Ribek laughed aloud, and Striclan too. Saranja stared at the parchment. Maja had never seen her so put out. She turned white, then red. Her mouth opened and shut several times before she could speak.
“Oh,” she said at last. “Oh…Thank you. Thank you very much. I don’t know what to say.”
“You have already said it, my dear. I should add that I do not expect you to be a mere ornament in my train, though you will certainly be that. But you are manifestly a woman of action, full of fire and purpose, a born soldier, one whom others will follow. We may well have need for that. And your horses—they are now wingless?”
“I can give Rocky his wings again if I want to.”
“And the other two,” said Benayu. “I can fix that for you.”
“Again, an obvious asset. Finally Maja. You shall come as my ward, my dear, so it is natural that you should accompany me. But in many circumstances in which we may find ourselves, with unchecked magic now loose in the Empire, your special talent may prove invaluable, as you have already shown me in my little courtroom.
“And more important to me than any of your separate gifts is that I can be confident, both from the story you have told me and from what I have seen of you, that I can trust you completely.
“Now, unless you have any questions, I suggest that I should leave you to talk my proposal over among yourselves, and you can tell me in the morning what you have decided.”
She unhooked her cane from the arm of her chair and waited for one of them to help her to her feet. Nobody moved. Maja looked at Ribek, who had already turned to her. He raised his eyebrows. She nodded. He pointed at her. Surprised, she turned to Lady Kzuva.
“Yes, please,” she said. “Thank you very much.”

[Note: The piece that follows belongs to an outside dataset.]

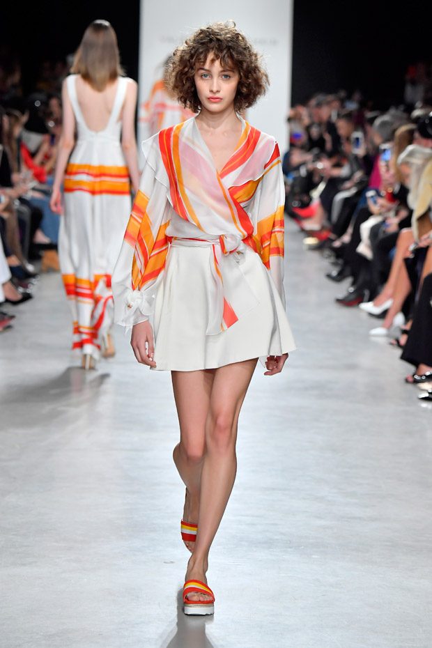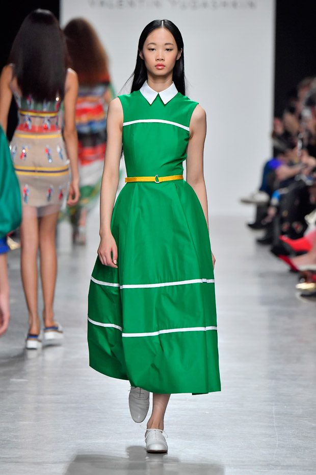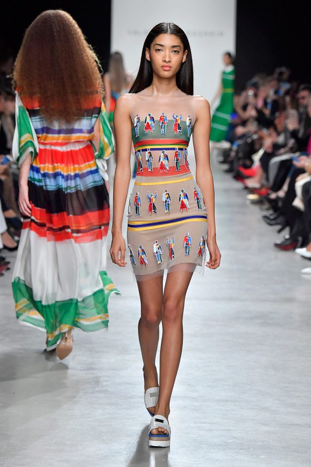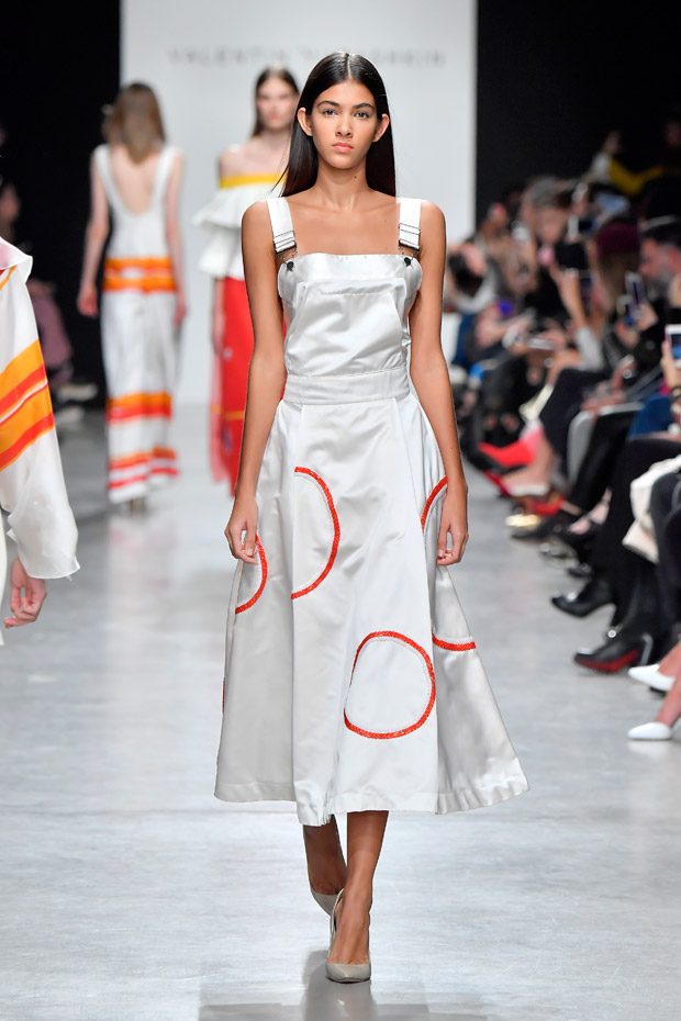 Combinations of multicolored planes and geometric shapes – a straight line, a rectangle, a square and a circle, as well as a combination of geometric figuresthat comes in different colors and sizes, all form Suprematist compositions that are reflected in the Valentin Yudashkin SS18 collection. The centerstage is taken by graphic prints with colorful squares and triangles as well as horizontal, vertical and oblique stripes.

“I was about to say the same thing, rather more elaborately,” said Striclan from the other side.
“Me too,” said Benayu.
“Excellent,” said Lady Kzuva. “Nothing moves quickly in the Empire. I shall need to send to Talagh at once, to prepare the ground, but I should like to be on the road as soon as the snows are gone. If you can be here by then, well and good. Otherwise you will need to find me on the road somehow. With wings on your horses you will travel far faster than I.”
CHAPTER
27
Again the Empire reeled itself away beneath them as they flew on, still passing none of the country they had traversed so slowly on their journey to Tarshu. The detour to Kzuva had taken them well west of that, and now they were heading back toward the sheep pastures north of Mord. There seemed to be an unspoken joint desire that they should stay together as long as possible, and this was the simplest way. They would say good-bye to Benayu and Sponge at the pastures, cross the mountains by the way they had come when they’d been escaping from the Pirates, and after a couple of days at Northbeck leave Ribek and Maja there. Saranja and Striclan would fly on with all three horses to see what was happening at Woodbourne. When the time came for them to leave the Valley, they would return by way of Northbeck, pick Maja up, take her to Lady Kzuva and travel south together when the snows were gone.

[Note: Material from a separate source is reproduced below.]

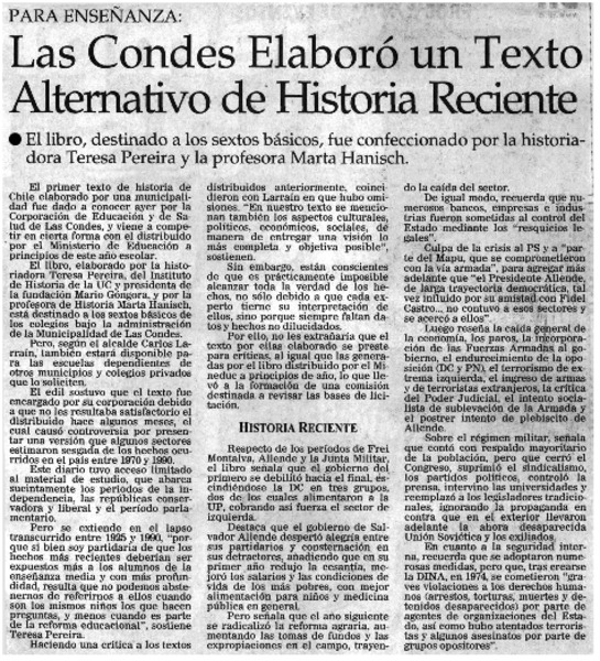 Las Condes elaboró un texto alternativo de historia reciente [artículo].

Now, far ahead, they could see the glitter of the snow-peaks. Farms and woodlands flowed beneath them, and there was the river, skirting the plain of Mord, and Mord itself, smug and snug behind its walls. The Watchers’ Eye was gone from its southern gate. More and steeper woodland, and then…

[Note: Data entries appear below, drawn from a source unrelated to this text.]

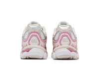 The ASICS Gel NYC 'Cream Pink' combines mesh upper with pink synthetic suede overlays. Branding elements include silver side stripes outlined in a light pink hue and ASICS' spiral logo embroidered on the tongue. A two-tone EVA foam midsole, fitted with visible Gel inserts in the forefoot and heel, provides lightweight cushioning.
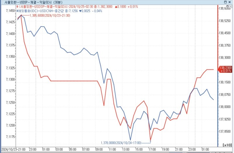 25일(한국시간) 새벽 2시 달러-원 환율을 전장 서울 환시 주간 거래(오전 9시~오후 3시 반) 종가(1,382.10원) 대비 0.10원 상승한 1,382.30원에 거래가 끝났다.
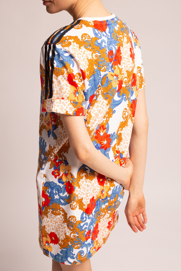Multicoloured crewneck T-shirt from ADIDAS Originals x HER Studio London. Crafted from cotton with a long length, this style showcases an all-over pattern, the brand's signature three stripes on the sleeves and an embroidered logo.
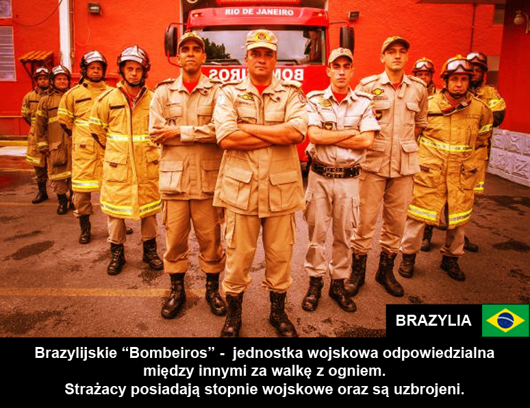 Odpowiednik Polskiej PSP w Brazylii to Corpo de Bombeiros Militar. Jest to jednostka wojskowa, odpowiedzialna między innymi za walkę z ogniem. Jednostka podlega pod Brazilian Army, czyli armię Brazylijską. Strażacy posiadają stopnie wojskowe oraz są uzbrojeni.

Then, where the pasture should have been, utter desolation. A dismal black slope of scree and tumbled rock. A crater at the center. Not a blade growing on the slope itself apart from one or two strips of turf running down from where the whispering cedar had stood. Not a tree standing within several hundred paces of it. Benayu shouted, pointed and wheeled to the left, up the slope. The great wings pounded the thinning air, spiraling up beside a cliff-face to a wide ledge, clothed in scanty grass. They landed there and slid or swung themselves down from the horses.